* [Dataset content]:
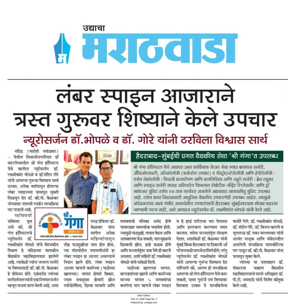 श्री गंगा हॉस्पिटलमध्ये न्यूरोसर्जरी, ऑर्थोपेडिक्स आणि स्पाइन उपचारांसाठी अत्याधुनिक सुविधा उपलब्ध असून अनुभवी डॉक्टरांची टीम २४ तास सेवा देत आहे. त्यामुळे नांदेडसह संपूर्ण मराठवाड्यातील रुग्णांना आता मोठ्या शहरांकडे जाण्याची गरज उरलेली नाही.
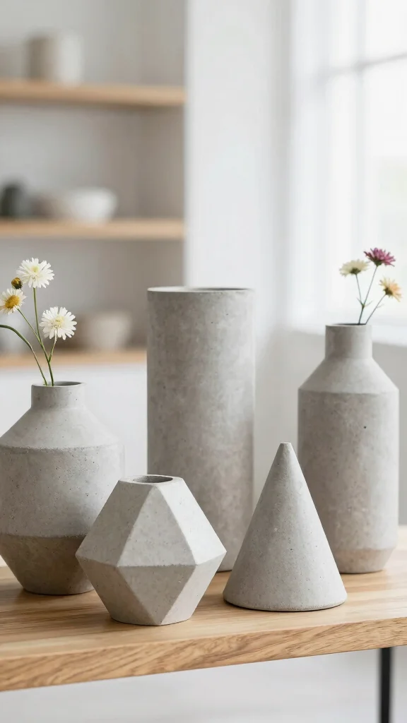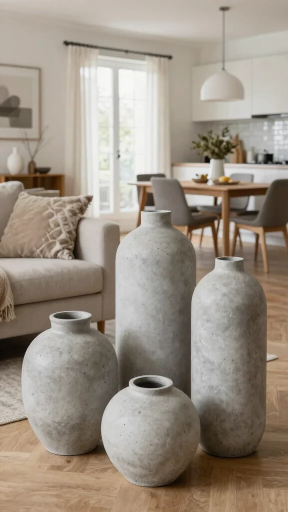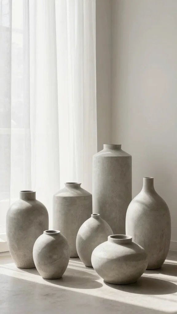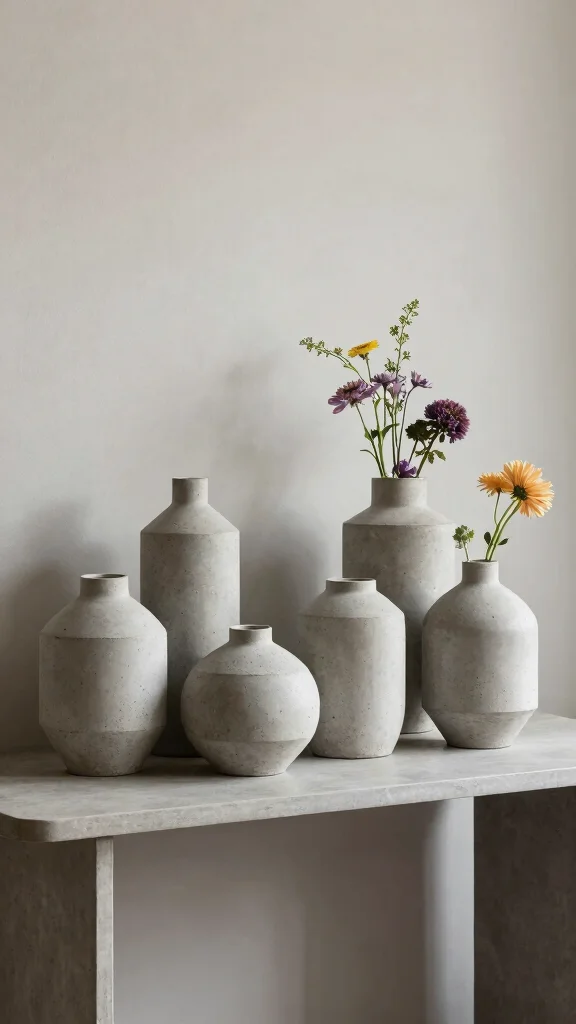 Textured concrete vases make spaces feel alive—mix rough and smooth finishes to ground a minimalist room. Pro tip: pair matte textures with sleek surfaces to create depth without clutter.
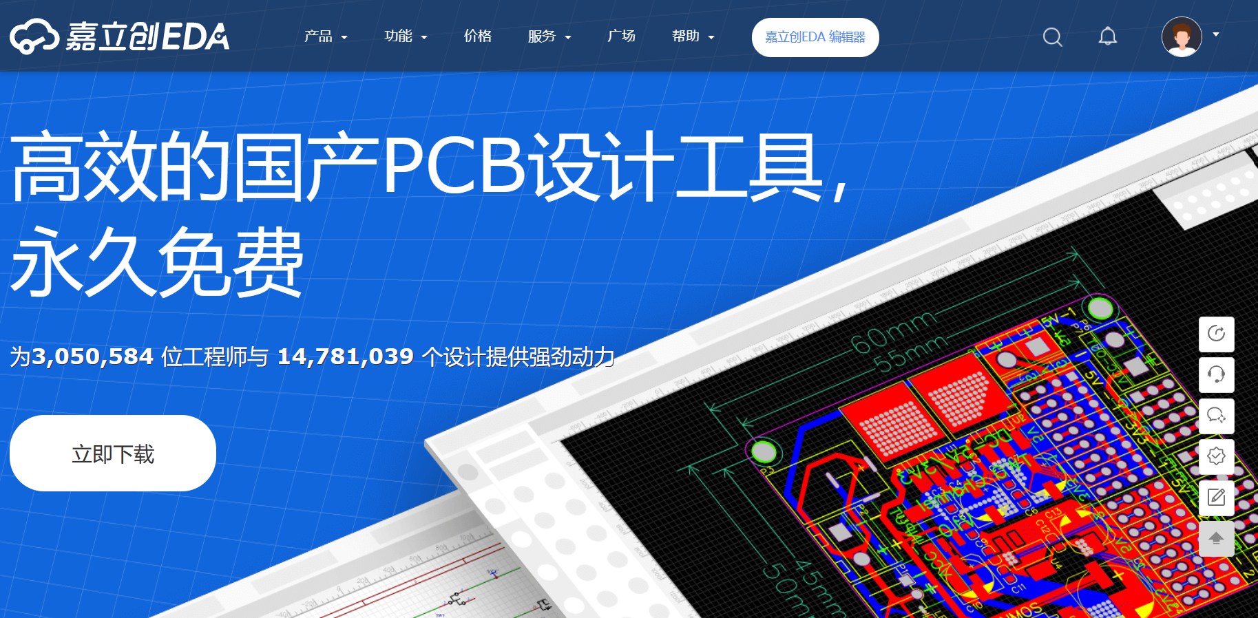 Pcb课程设计——国产立创EDA 国产EDA设计工具,软件支持电路仿真、原理图与PCB设计、面板设计等众多强大的电路设计功能,满足用户的多元化需求。集成超百万的免费封装库、上万种3D模型库以及海量开源工程。

* [What to work on]:
The whole listing must be restated word for word. Leave out any pictures.

* [Reply to the task]:
 श्री गंगा हॉस्पिटलमध्ये न्यूरोसर्जरी, ऑर्थोपेडिक्स आणि स्पाइन उपचारांसाठी अत्याधुनिक सुविधा उपलब्ध असून अनुभवी डॉक्टरांची टीम २४ तास सेवा देत आहे. त्यामुळे नांदेडसह संपूर्ण मराठवाड्यातील रुग्णांना आता मोठ्या शहरांकडे जाण्याची गरज उरलेली नाही.
 Textured concrete vases make spaces feel alive—mix rough and smooth finishes to ground a minimalist room. Pro tip: pair matte textures with sleek surfaces to create depth without clutter.
 Pcb课程设计——国产立创EDA 国产EDA设计工具,软件支持电路仿真、原理图与PCB设计、面板设计等众多强大的电路设计功能,满足用户的多元化需求。集成超百万的免费封装库、上万种3D模型库以及海量开源工程。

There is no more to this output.